▸ Exercise objective
Give again, word for word, the lines below that run from the line with "거제시의 동남쪽에 위치하며" through the line with "出展フリースクール(全16団体・7月20日時点/50音順)". Drop the pictures.

▸ Exercise input

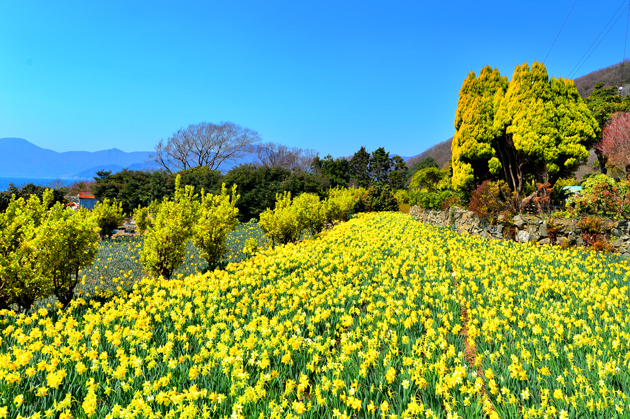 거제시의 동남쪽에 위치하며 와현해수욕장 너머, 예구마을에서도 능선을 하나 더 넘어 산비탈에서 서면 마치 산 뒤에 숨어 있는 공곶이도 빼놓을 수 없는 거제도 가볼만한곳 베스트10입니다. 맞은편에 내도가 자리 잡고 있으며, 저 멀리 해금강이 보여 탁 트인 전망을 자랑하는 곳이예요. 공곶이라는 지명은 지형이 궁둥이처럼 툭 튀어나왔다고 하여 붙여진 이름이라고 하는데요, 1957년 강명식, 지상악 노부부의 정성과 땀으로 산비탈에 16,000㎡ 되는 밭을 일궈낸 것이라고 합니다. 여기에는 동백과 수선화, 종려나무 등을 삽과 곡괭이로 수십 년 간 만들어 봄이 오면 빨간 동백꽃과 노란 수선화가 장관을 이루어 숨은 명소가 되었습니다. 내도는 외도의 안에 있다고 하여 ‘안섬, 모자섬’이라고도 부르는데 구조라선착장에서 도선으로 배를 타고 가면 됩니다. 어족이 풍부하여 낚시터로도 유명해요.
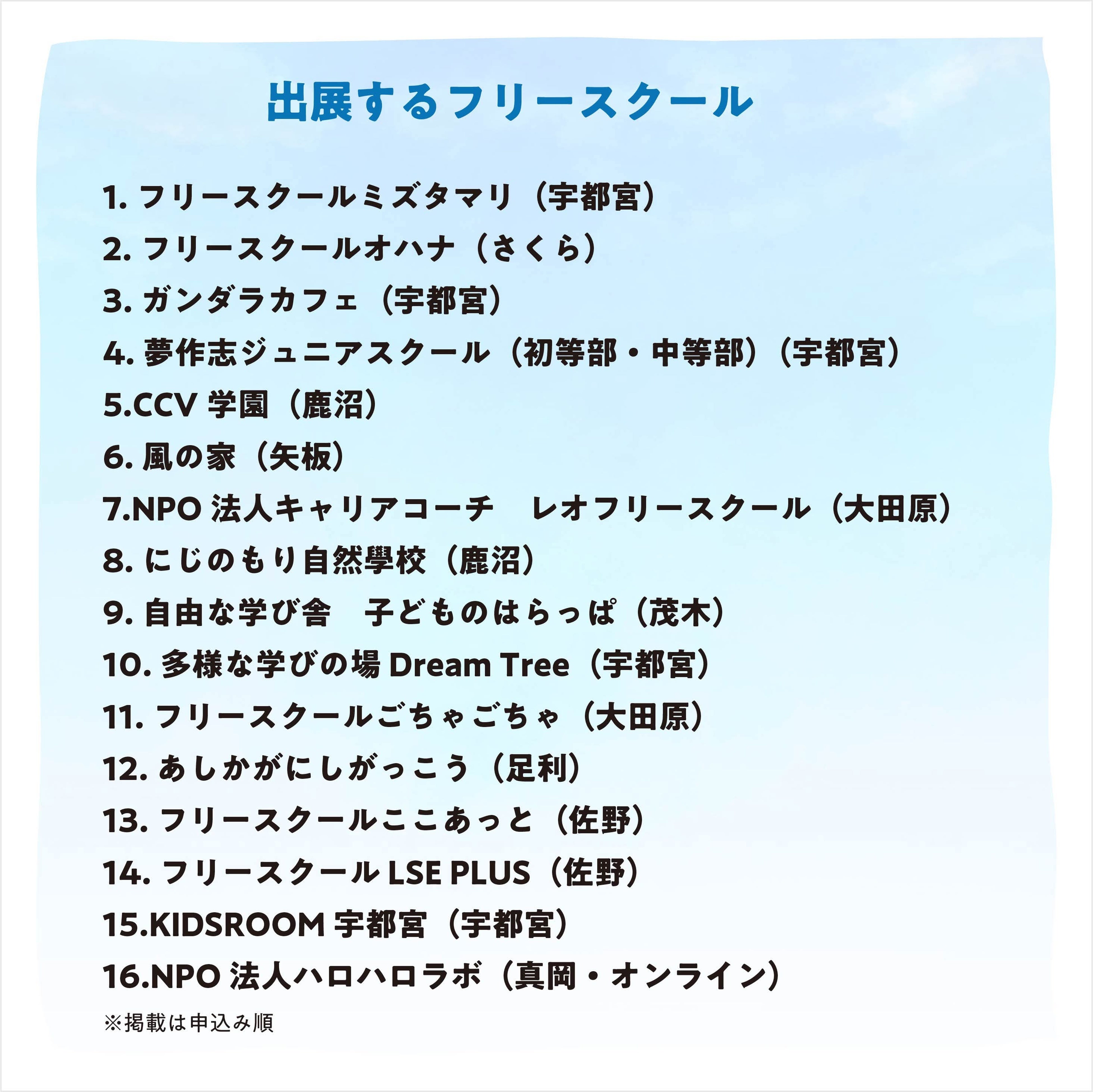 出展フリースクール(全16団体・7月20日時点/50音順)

--

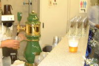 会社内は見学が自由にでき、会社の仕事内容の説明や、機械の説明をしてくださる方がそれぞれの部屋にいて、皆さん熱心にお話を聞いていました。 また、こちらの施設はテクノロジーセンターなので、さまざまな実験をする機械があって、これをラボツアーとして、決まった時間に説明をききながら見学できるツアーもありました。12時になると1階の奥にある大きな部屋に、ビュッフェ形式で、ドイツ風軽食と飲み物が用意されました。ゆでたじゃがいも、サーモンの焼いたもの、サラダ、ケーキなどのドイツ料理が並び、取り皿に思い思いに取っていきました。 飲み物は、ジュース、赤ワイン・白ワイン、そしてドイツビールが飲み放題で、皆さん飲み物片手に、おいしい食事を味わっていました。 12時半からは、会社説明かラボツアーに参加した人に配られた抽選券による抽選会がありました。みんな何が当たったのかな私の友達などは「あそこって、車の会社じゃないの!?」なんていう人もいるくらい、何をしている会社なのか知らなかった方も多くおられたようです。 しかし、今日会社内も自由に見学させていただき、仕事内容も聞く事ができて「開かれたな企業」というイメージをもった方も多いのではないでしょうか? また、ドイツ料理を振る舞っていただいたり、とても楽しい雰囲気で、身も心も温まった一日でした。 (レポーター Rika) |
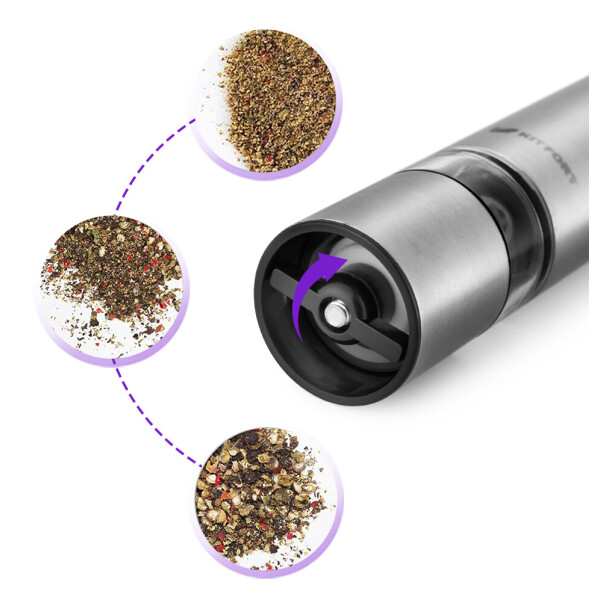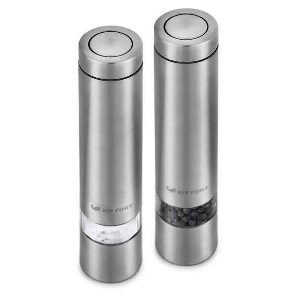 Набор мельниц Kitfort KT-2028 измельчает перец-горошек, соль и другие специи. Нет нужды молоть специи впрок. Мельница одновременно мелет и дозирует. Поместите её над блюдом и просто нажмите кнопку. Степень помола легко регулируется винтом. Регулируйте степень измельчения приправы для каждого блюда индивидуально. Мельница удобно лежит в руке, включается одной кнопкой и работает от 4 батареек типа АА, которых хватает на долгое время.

▸ Response to the task
 거제시의 동남쪽에 위치하며 와현해수욕장 너머, 예구마을에서도 능선을 하나 더 넘어 산비탈에서 서면 마치 산 뒤에 숨어 있는 공곶이도 빼놓을 수 없는 거제도 가볼만한곳 베스트10입니다. 맞은편에 내도가 자리 잡고 있으며, 저 멀리 해금강이 보여 탁 트인 전망을 자랑하는 곳이예요. 공곶이라는 지명은 지형이 궁둥이처럼 툭 튀어나왔다고 하여 붙여진 이름이라고 하는데요, 1957년 강명식, 지상악 노부부의 정성과 땀으로 산비탈에 16,000㎡ 되는 밭을 일궈낸 것이라고 합니다. 여기에는 동백과 수선화, 종려나무 등을 삽과 곡괭이로 수십 년 간 만들어 봄이 오면 빨간 동백꽃과 노란 수선화가 장관을 이루어 숨은 명소가 되었습니다. 내도는 외도의 안에 있다고 하여 ‘안섬, 모자섬’이라고도 부르는데 구조라선착장에서 도선으로 배를 타고 가면 됩니다. 어족이 풍부하여 낚시터로도 유명해요.
 出展フリースクール(全16団体・7月20日時点/50音順)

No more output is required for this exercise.